One proper Christian exegesis

  1. Ex 20:8 is part of the Mosaic covenant Ten Commandments, which Jesus has fulfilled but not abolished (cf Matt 5:17-18, see GotQuestions article for an explanation).
  2. How does it affect the commandment to keep the Sabbath day holy? Christians interpret Jesus's fulfillment of the Sabbath commandment as Jesus himself is our Sabbath rest (cf Heb 4, see another GotQuestions article for an explanation).
  3. Paul also understood Jesus and Sabbath that way, but in the letter to the church in Rome, one issue he addressed in Rom 14 was the conflict arising from different understanding of worshiping God between Gentile and Jewish Christians.
    • Gentiles never had to observe Sabbath, because they were never part of the ancient Judaism religion.
    • But prior to conversion, the Jewish Christians had been inculcated since childhood to be very meticulous in respecting God's commandments and there are many OT verses warning against desecrating the Sabbath. To the Jewish Christians, separating the Sabbath day as holy was part of doing what is right, which Paul himself affirmed positively earlier in the letter (Rom 6:13 "use your whole body as an instrument to do what is right for the glory of God"). Thus they wanted to continue to set apart the Sabbath as a holy day (Friday night to Saturday night) to honor God. It is similar to how Jews today continue observing the Sabbath, although for an additional reason (to keep their good standing within the Mosaic covenant).
    • But after Jesus, no day is separated as holy ("every day alike"), although Christians later set aside the Lord's day (Sunday) for worship. For Christians every day is an opportunity to practice righteous living no longer under the law but under the freedom of God's grace (Rom 6:14) by using our whole body as an instrument to do what is right for the glory of God (Rom 6:13b).
    • In Rom 14:5 Paul wanted the Gentiles to give the Jewish Christians room to worship and honor God through observing the Sabbath requirement (vv 6-8) although no longer required. Hence, "One man esteemeth one day above another [Jewish Christian]: another esteemeth every day alike [Gentiles]." So Paul was saying that if Jewish Christians still wanted to worship God on Sabbath (probably out of weakness in faith, v. 1), Gentiles should respect that (hence "Let every man be fully persuaded in his own mind.") and let God be the judge since God is the master of all (v. 4, both Jewish and Gentile Christians have become "slaves to righteous living", Rom 6:18).
    • Paul applied this similar exhortation to the issue of eating non-Kosher food (such as pork, cf Rom 6:14-17).

Conclusion

I understand that different Christian groups have different positions on the meaning of Sabbath for Christians today, on how the 10 commandments are applicable to Christians today, on how Jesus fulfills the Sabbath, and on the application of Romans 14 for today, but we can at least agree that any Christian exegesis would not see the two texts as contradictory at all.

Upvote:0

Jesus said that The Sabbath was made for man, not man for the Sabbath. This indicates that Jesus is in charge and that the law is a tool toward the ends of loving God and loving people.
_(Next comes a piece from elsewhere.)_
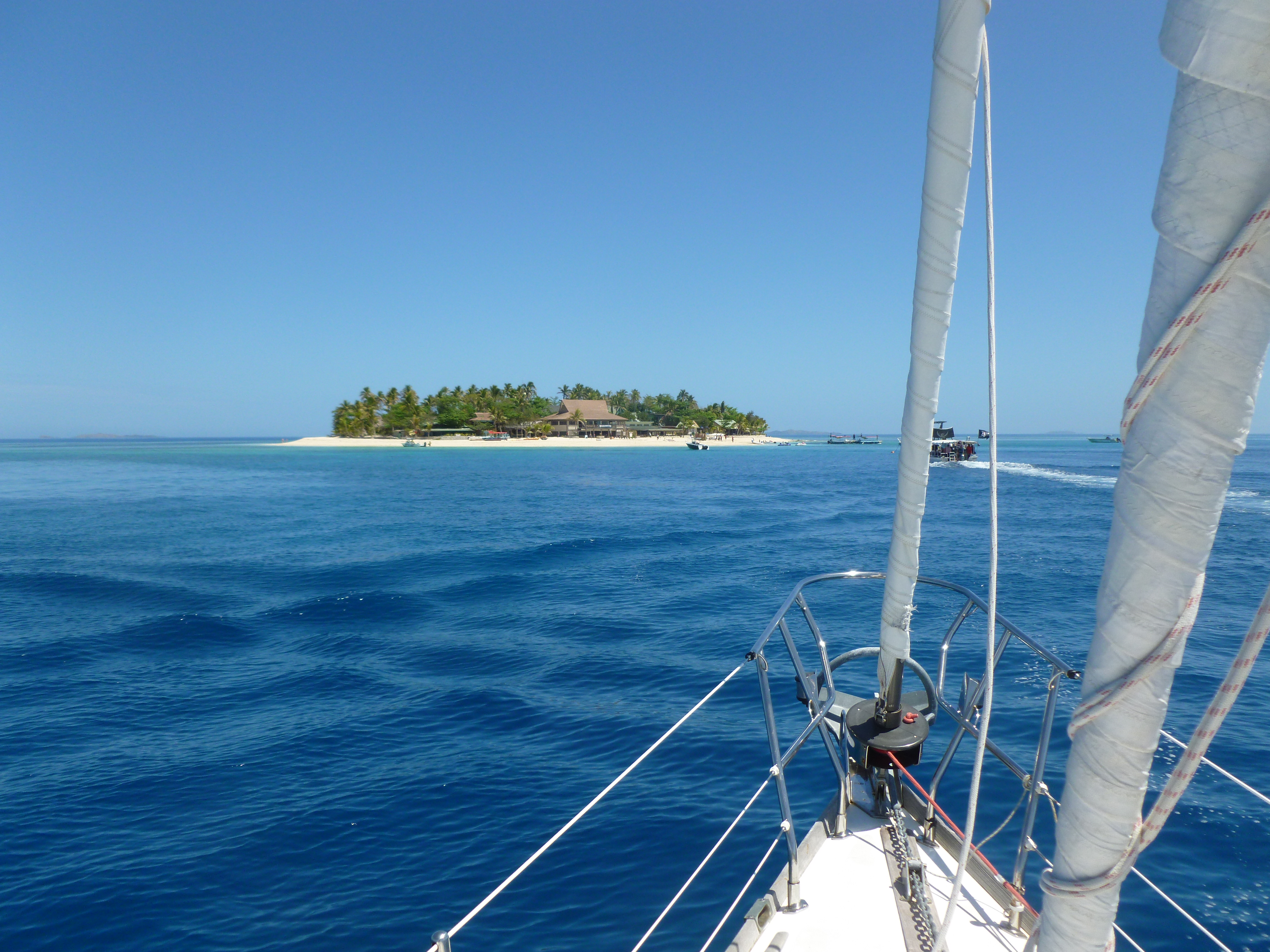 Our Friends Harley , Jennifer and Sophia Earl gave us an invite to join them at Musket cove for some days in the sun, offered an “antidote to the last of the dreary NZ winter”. We flew to Nadi and joined the yacht at Port Denarau and then headed off to Musket Cove – hosts to a well established cruising yacht regatta. Lots of sailers enjoying time together. they are like ships who often pass in the night but finally get some quality time to hang out together and reacquaint . It has a few silly races – plenty of food and very cheap drink – for example a corona or a fiji bitter only costing $3.24 NZ each.

There is nothing special about whatever day people take a Sabbath on. The Sabbath serves a purpose. That purpose is God's purpose. That purpose is honoring humans as sacred by allowing them to rest, and thus communicating to them that they are not a means to an end of accomplishing tasks.

The purpose is what is sacred. The day itself is not. There are other ways we honor people, and don't force them to engage in 7 day a week labor. Taking a Sabbath doesn't inherently mean you are honoring workers either. But the Sabbath is a hard boundary as far as executing the purpose of honoring workers as sacred, and not just robots that do things.

Upvote:1

"Let every man be fully persuaded in his own mind." doesn't mean that everyone can decide what is right or wrong for themselves. It means don't force someone to accept a truth until that person is ready to be persuaded and willing to accept that truth.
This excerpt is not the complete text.